The expanding pilot programs means that we are seeing more of them on public roads. Ms. Pearce writes, "Chandler, Arizona's new Waymo pilot, for example, is putting everyday citizens in self-driving vans on public streets. Unlike similar efforts by Uber in Pittsburgh, San Francisco, and Tempe, the Chandler model notably ditches human 'safety drivers' [theverge.com; Nov. 7, 2017; date accessed Jan.3, 2018] entirely." Blogger is still not sure if she would want to get into an AV without a human "safety driver."
Waymo and Uber are not the only tech companies fully committed to an AV program-Tesla, General Motors, Volkswagen AC, and the Ford Motor Company are all developing their own version of an an autonomous vehicle. In Ford's case, the company spent over $1 billion last year (Ibid; Aug. 16, 2017) for AI expertise, while dedicating its Detroit plan to building a fully AV within four years. Startups are also getting on the AV bandwagon, nuTonomy's pilot program with Lyft in Boston (techcrunch.com Dec. 6, 2017; date accessed Jan. 3, 2017) is ready to go this month.

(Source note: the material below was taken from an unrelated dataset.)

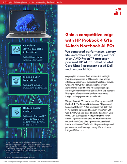 PALO ALTO, CA, UNITED STATES, October 31, 2025 /EINPresswire.com/ -- Organizations planning to refresh their PC fleet in 2026 have a difficult decision to make. Workers need fast, seamless performance to keep up. For teams that work remotely or need to travel frequently, battery life is also a key concern. Among the countless PC options available on the market, businesses are seeking systems that balance these two factors and help their staff stay productive.Principled Technologies (PT) has released a test report highlighting the advantages of one system: the HP ProBook 4 G1a 14-inch Notebook AI PC. Powered by an AMD Ryzen 7 250 processor, this system beat two competitors on several benchmarks and battery life metrics in PT testing. To offer a multifaceted picture of system performance, PT tested with Cinebench 2024, Procyon Office Productivity Benchmark, and Geekbench 6, among other benchmarks.

There is momentum growing in state legislatures: "33 states introduced new bills [ncsl.org; Jan. 2, 2018; date accessed Jan. 3, 2018] this year on various aspects of driverless tech. To date, 20 states and Washington, D.C. have actually passed such laws." The federal government has also friended the AV future on a massive scale. This past September the U.S. Department of Transportation issued a landmark policy guidance (citylab.com; Sept. 15, 2017; date accessed Jan. 3, 2018) on AV development. Surprisingly, the House of Representatives unanimously passed the first federal law regulating autonomous vehicles.
Katie Pearce reports, "At the year's end, that bill is now stalled in the Senate, but it's implicate are huge, barring states and cities from setting 'unreasonable' restrictions on the rollout of AVs." A consistent national policy would override the existing hodgepodge of state and municipal regulations (Ibid; April 25, 2017)-potentially streamline tech growth (Ibid; May 14, 2017), but remove a city's ability to right-size. A new Brookings Institute report, Gauging Investment in self-driving cars by Cameron F. Kerry and Jack Karsten (brookings.edu; Oct. 16, 2017; date accessed Jan. 3, 2018) measured worldwide AV tech investment at $80 billion. This is a substantial amount that may grow as AV tech becomes more refined.
The key issue that companies like Tesla, GM, Ford, Waymo, and Uber must address is passenger safety concerns. Autonomous vehicles may sound like a great idea but unless the makers of of these cars can reasonably assure the public that they will get to where they want to go in a safe and timely manner, any and all investment-now or in the future-may be for naught.